# Hi, I'm new here!



## kabri (Mar 17, 2011)

So happy I found this group, seems I can't get enough of reading about other folk's new lambs this time of year! We bred our border cheviot ewes to our Clun Forrest ram late, so no lambs until at least April 6 or so. 

Question, Is it ok to post sheep for sale here, or is there another area? Need to send the ram away, have used him for 2 years, but want to breed his daughters next year. We have only 6 breeding ewes, and not enough room to keep multiple rams. He is SO nice, I really hate to send him to the butcher. And, really happy with the size he put on our small cheviots. 

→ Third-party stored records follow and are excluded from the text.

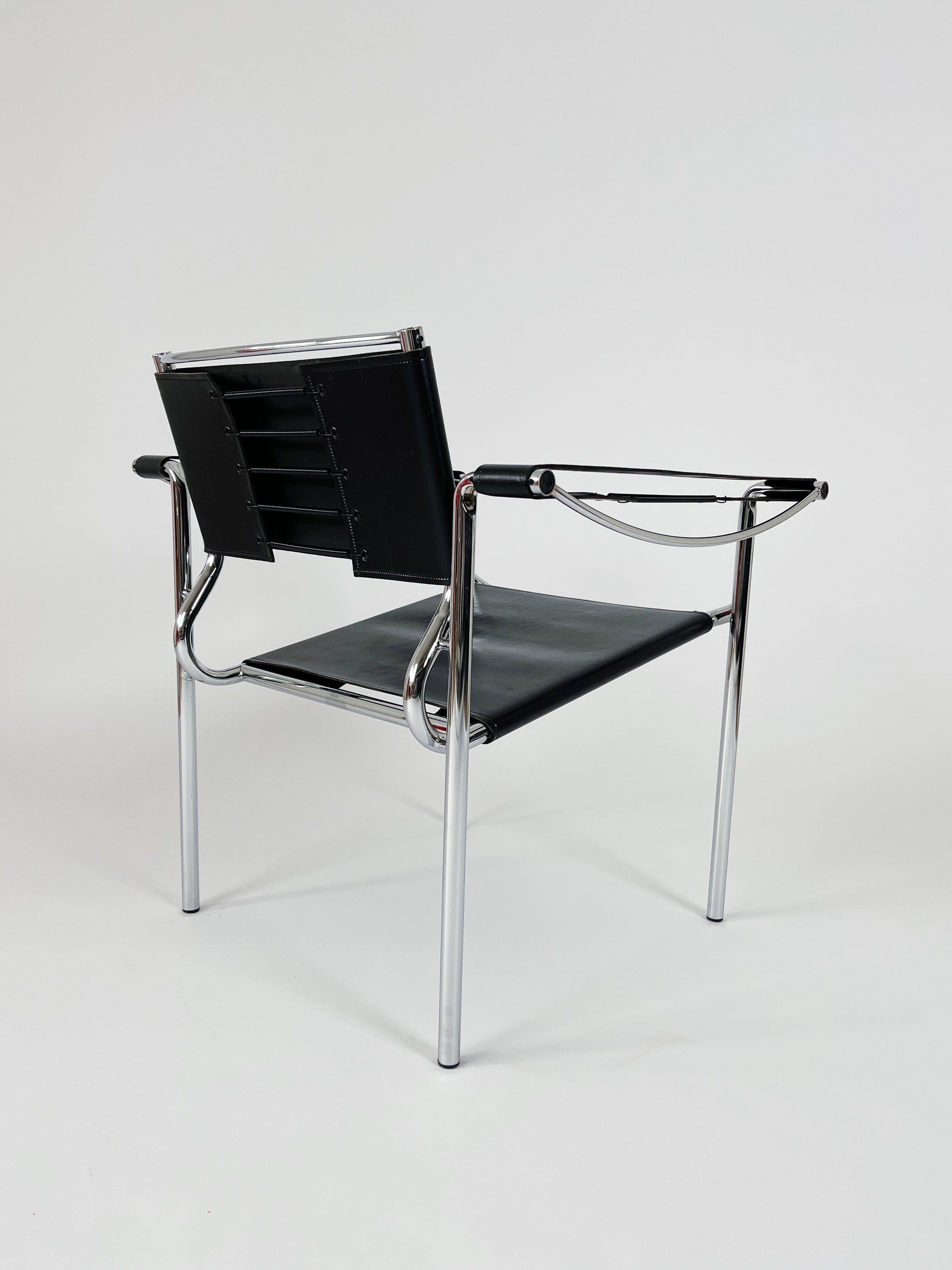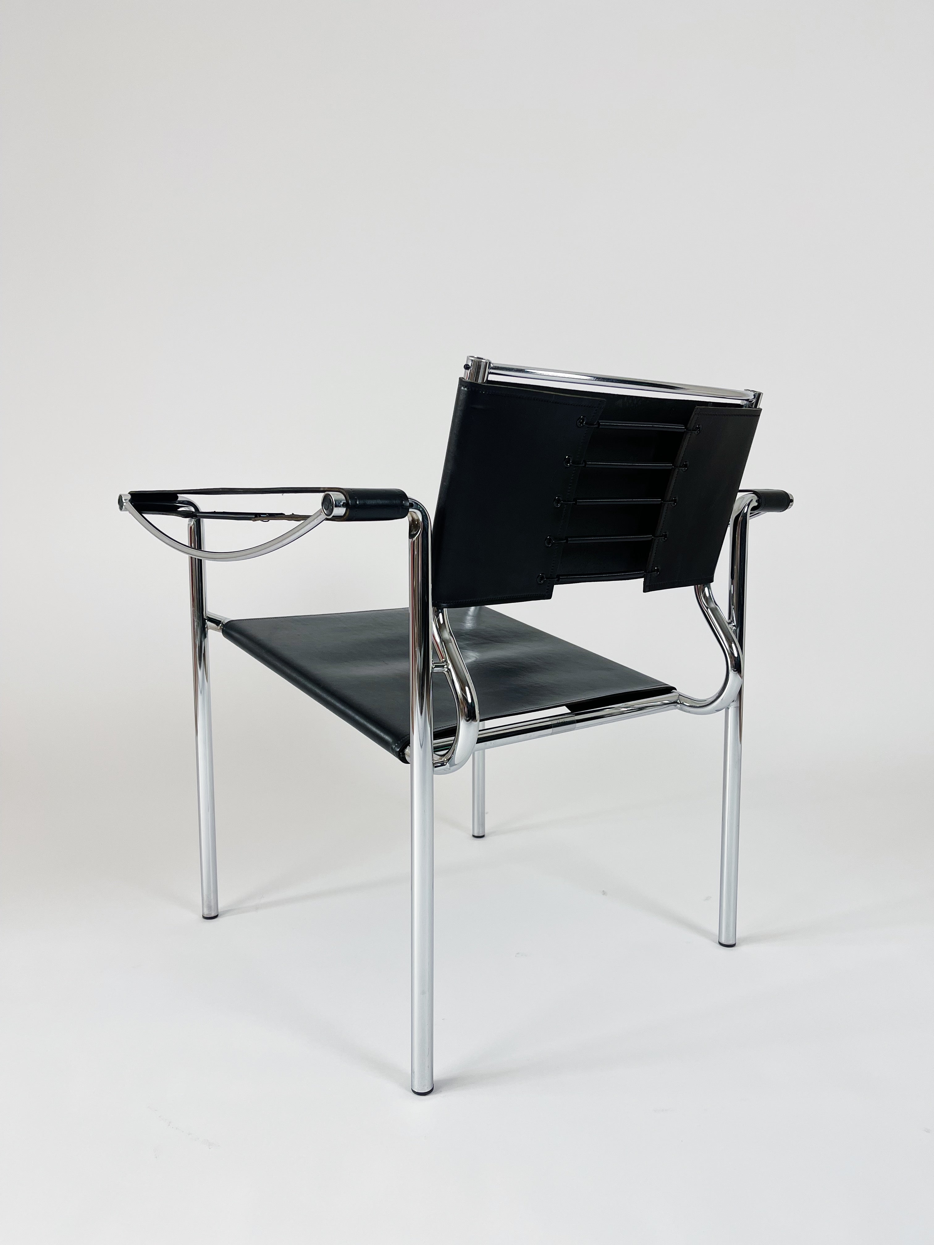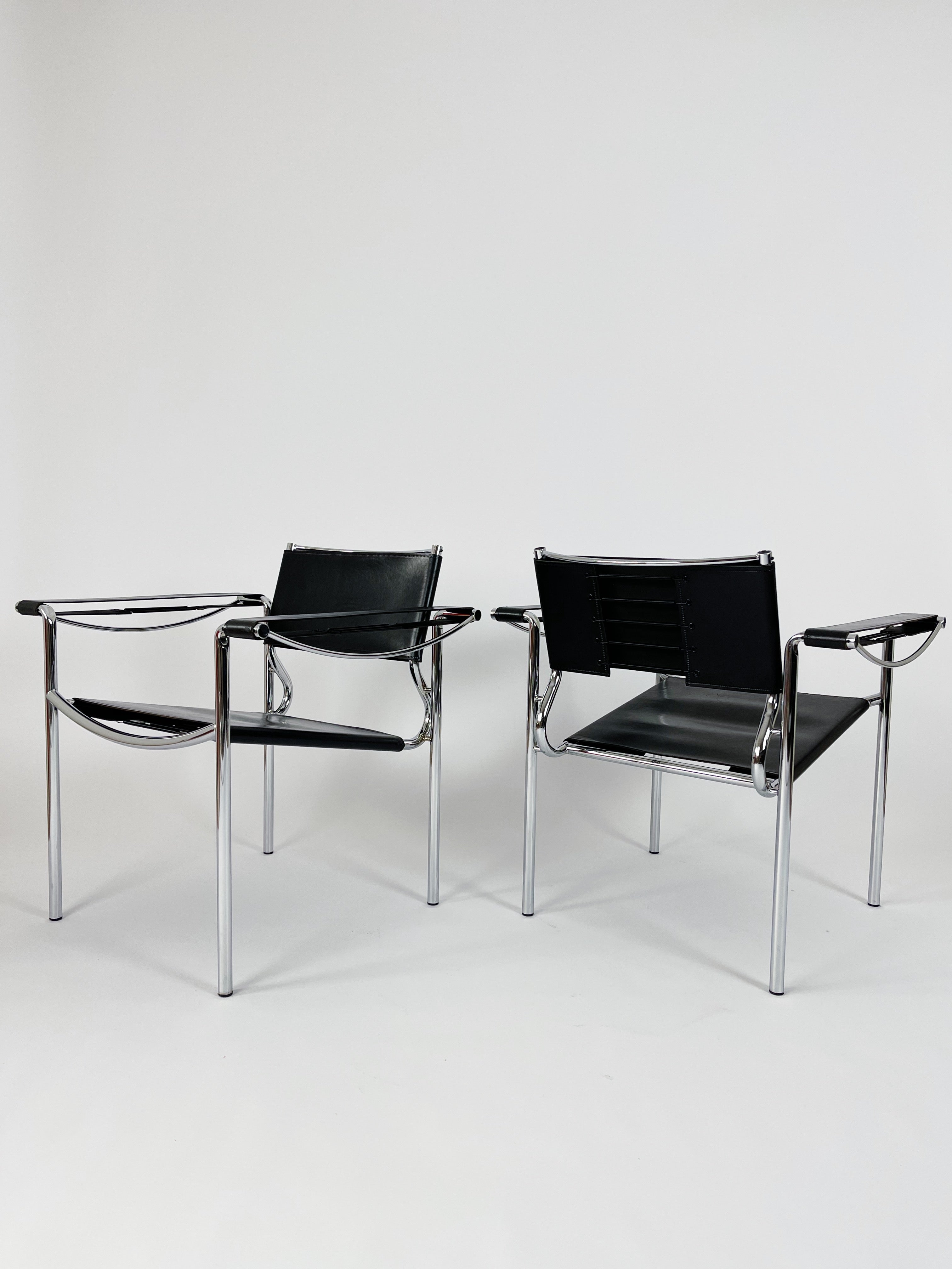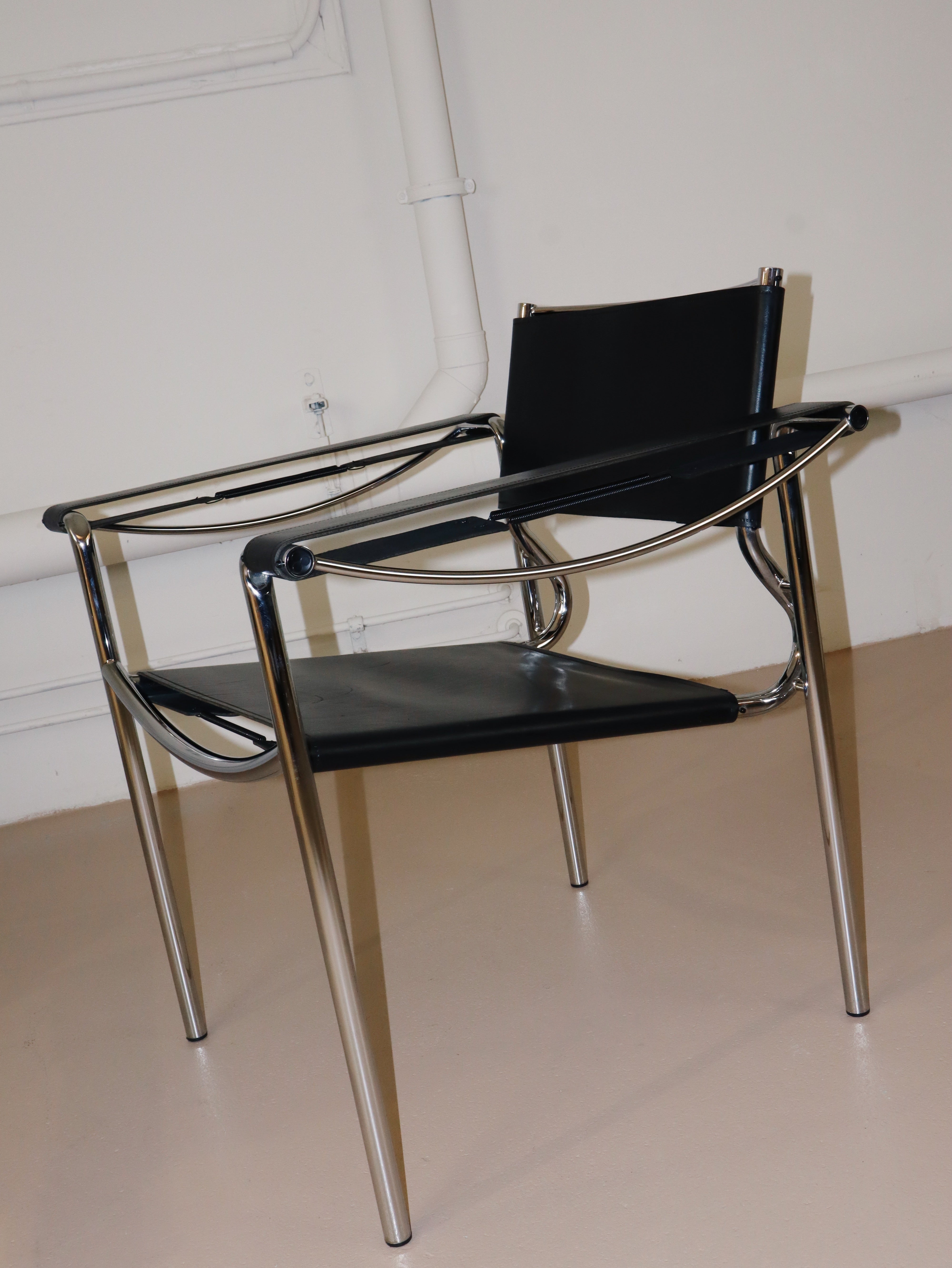 Set of two black saddle leather armchairs and a chrome frame, available per piece or as a set. The leather pieces of the seat, backrest and armrests are cleverly tied together with metal springs. Feels like Giandomenico Belotti decided to design his own version of the 1970s LC1 chair (Le Corbusier) and gave it some more curves for Alias. We thank him for it!
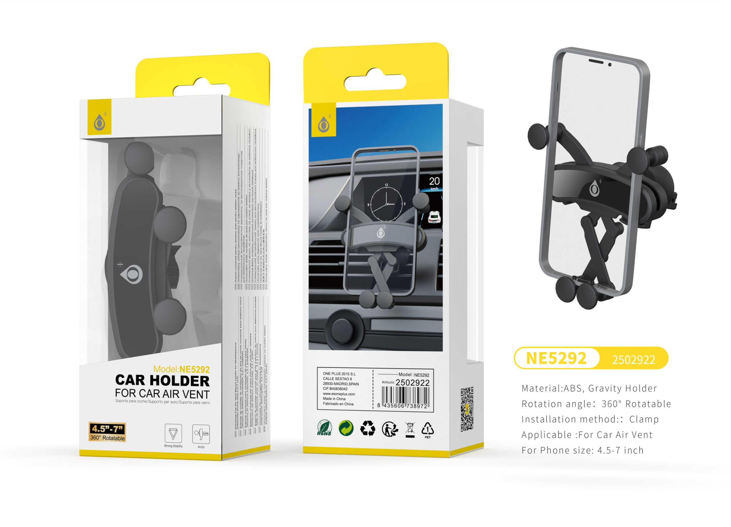 NE5292 NE Soporte Universal Gravedad De Movil Para Airvent Coche,Ajustable 360°, 4.5-7 Pulgadas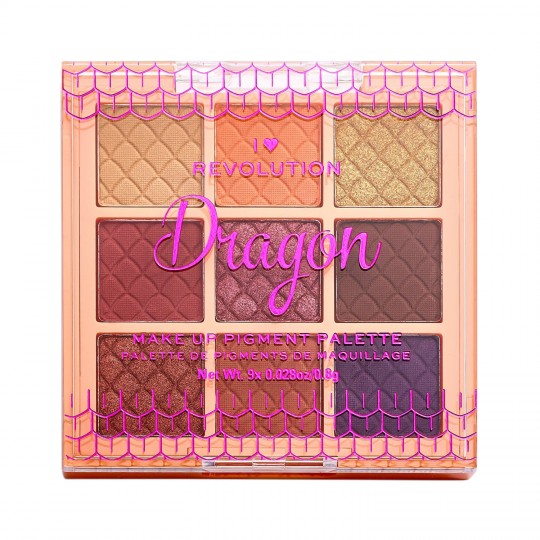 Η I Heart Revolution Fantasy Makeup Pigment παλέτα - Dragon αποτελείται από 9 σκιές υψηλής χρωματικής απόδοσης, ματ αλλά και shimmer και σε αποχρώσεις του χρυσού, του μουσταρδί, του κεραμιδί και του μωβ.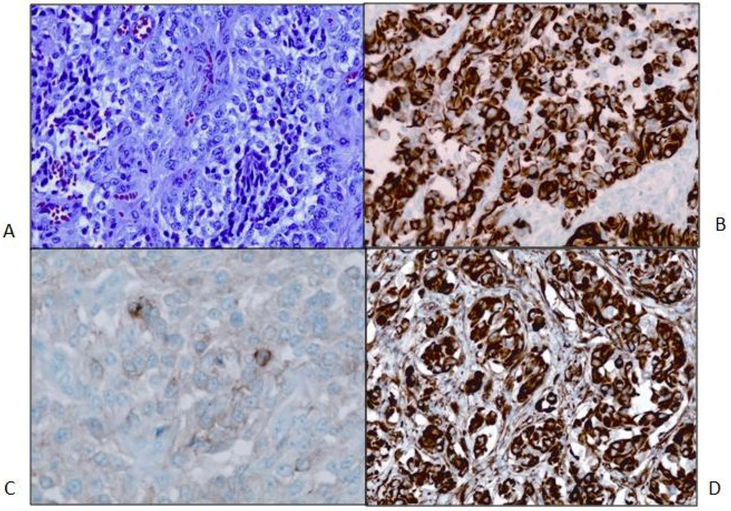 (A) Primary tumor. H&E stain. 200× magnification. The neoplasm is relatively cellular and formed of crowded polygonal cells with variable amounts of pale eosinophilic or clear cytoplasm. Nuclei are round to oval and often irregular, and they are vesicular with occasional small nucleoli. Binucleated tumor cells are present. Mitotic figures are rare. A few small tumor cells have slightly expanded cytoplasm with fibrous inclusions (nonspecific rhabdoid cells). Thin fibrovascular septa, mostly with capillary-size vessels, are present, forming vague small lobules in many areas; (B) Primary tumor. GFAP stain; 200× magnification; (C) Primary tumor. Synaptophysin stain; 400× magnification; (D) Primary tumor. Nestin stain of tumor; 200× magnification.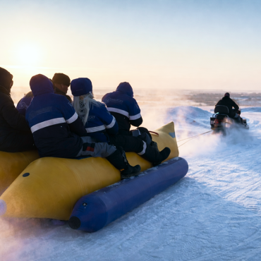 Зимой гости катаются на тюбингах с подъёмником, снегоходах и «банане», а после возвращаются в тёплый домик или баню, чтобы по-настоящему расслабиться.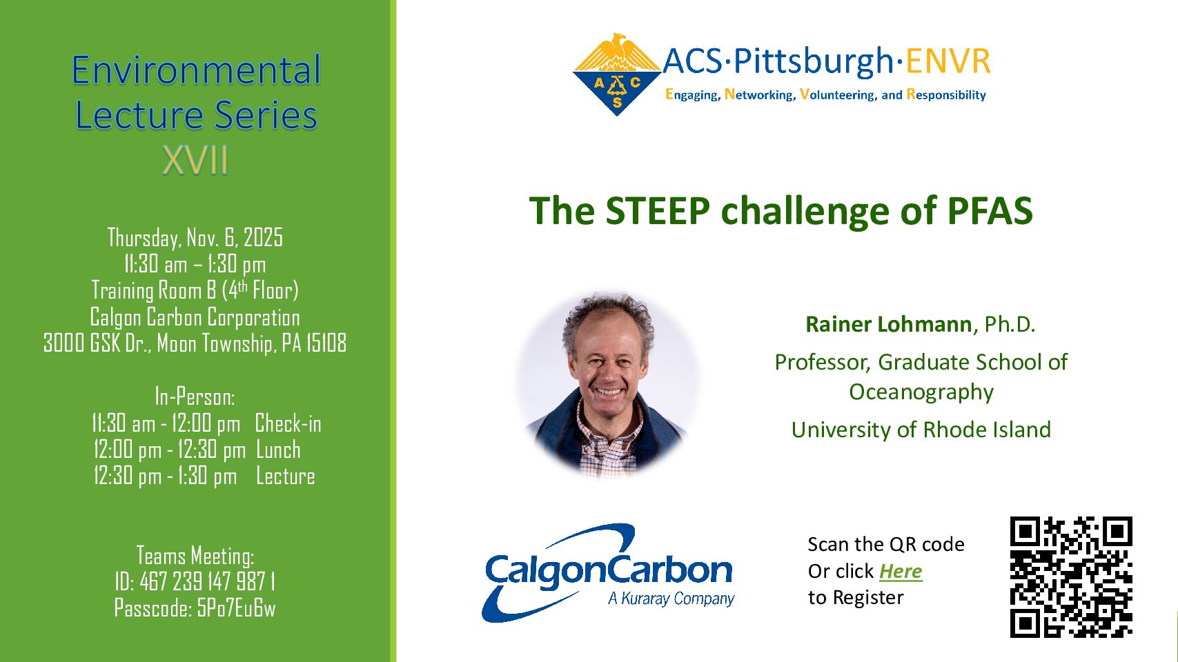 Check out the upcoming environmental lecture given by Dr. Rainer Lohmann on the “The STEEP challenge of PFAS”. Click Here to register and keep reading for more information!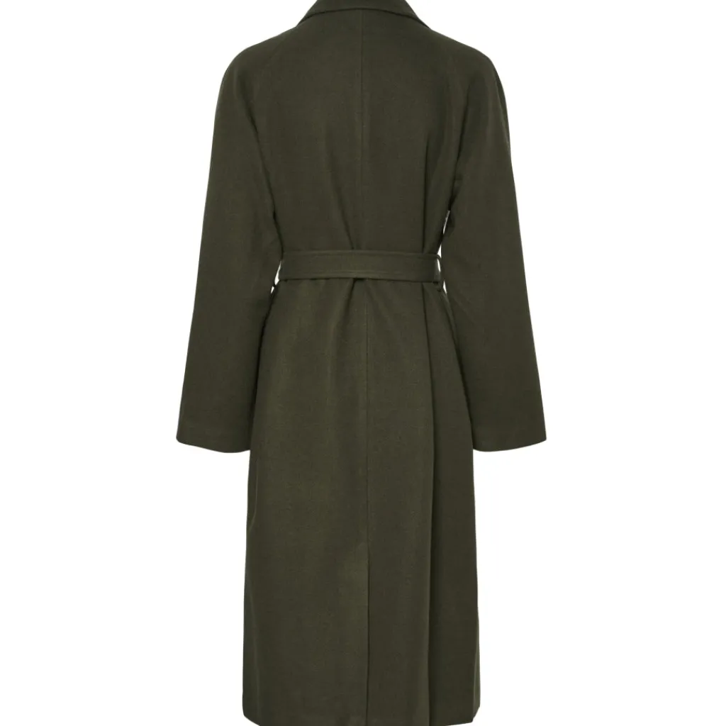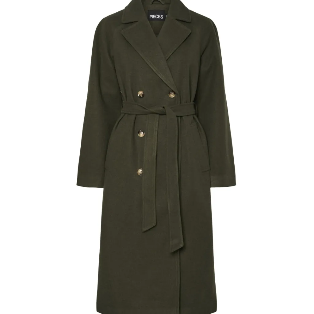 Lang frakke med dobbeltknappet lukning og bælte, som holder dig varm i den kolde tid. Denne frakke har omvendt halsudskæring og sidelommer.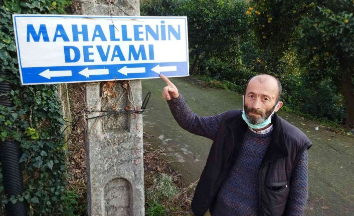 Rize’de mahalle sakinlerinin ısrarı üzerine yola asılan ‘Mahallenin devamı’ tabelası görenleri güldürüyor.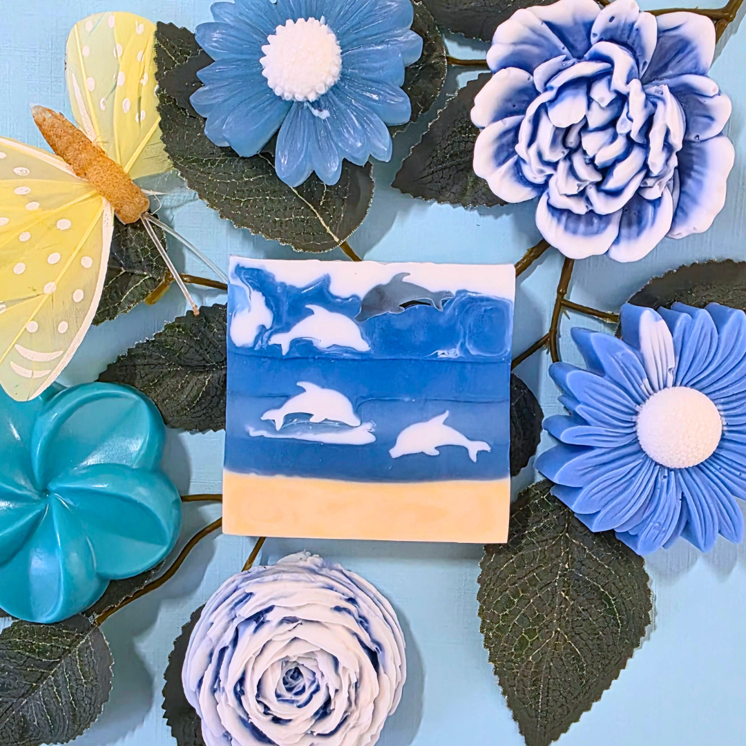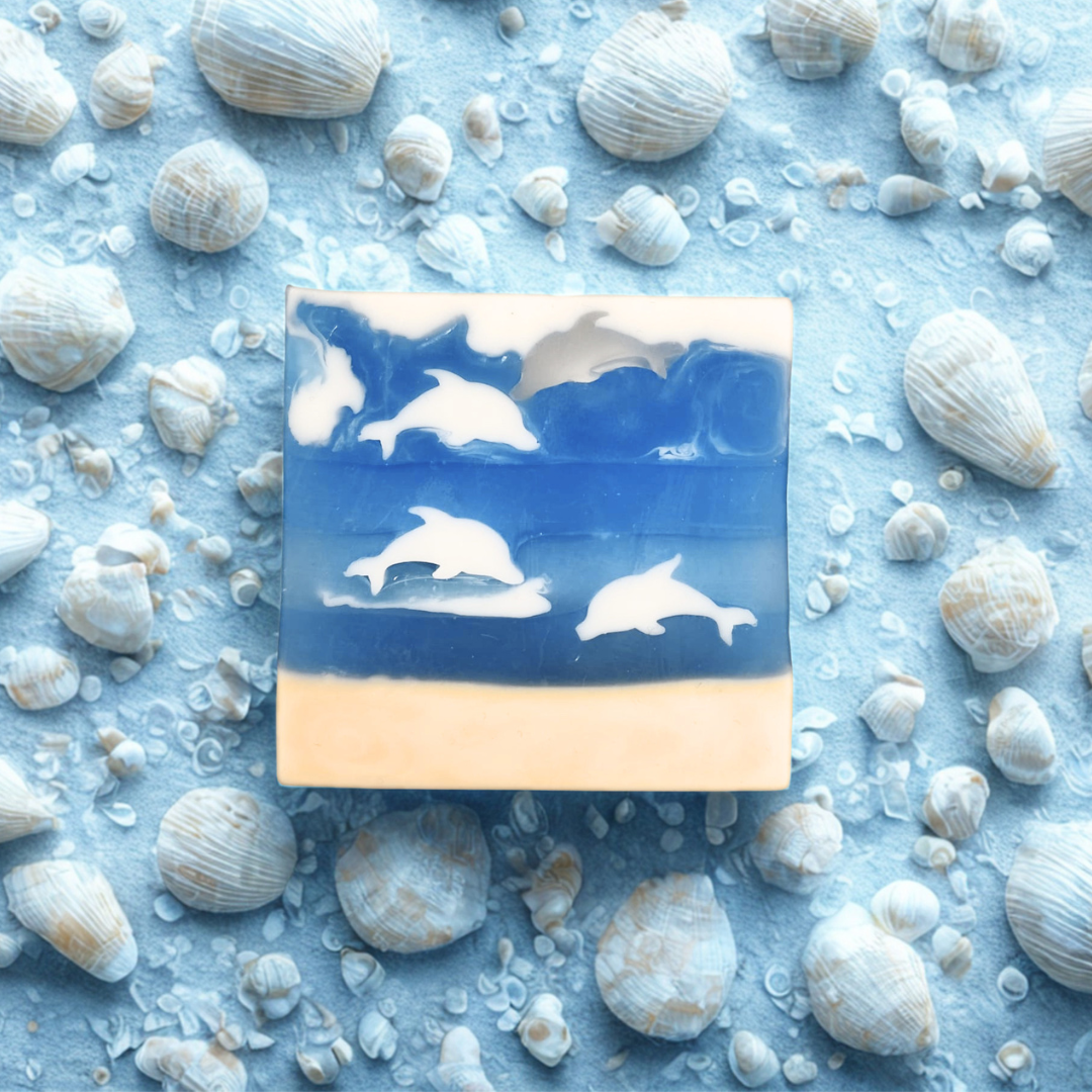 Transparentna kostka zachwyca subtelnym wzorem fal, wśród których skrywają się urocze delfinki – jak małe dzieło sztuki zamknięte w mydle. Każde użycie to nie tylko pielęgnacja, ale i chwila relaksu, która przenosi myślami nad spokojne, błękitne morze.

Well, thanks in advance for all the great posts I'll be reading here as I wait for lambs!!!


----------



## RustyDHart (Mar 18, 2011)

Welcome...There is a "Buy...Sell....Trade" area...just check in the "Index" area and click down to that category.


----------



## aggieterpkatie (Mar 18, 2011)




----------



## elevan (Mar 18, 2011)




----------



## Emmetts Dairy (Mar 18, 2011)

*WELCOME TO BYH!![/b]*


----------



## ksalvagno (Mar 18, 2011)




----------



## Royd Wood (Mar 18, 2011)

Hi Kabri and 

Good luck with your April lambs and we want photos please


----------



## kabri (Mar 18, 2011)

Thanks, and Yep, I will post photos! Had 7 lambs born last year, including one to a first time mother that would not breath. Finally got him going by DH doing mouth to mouth. Now he is our biggest butcher lamb. Too bad we can't keep him as a ram


----------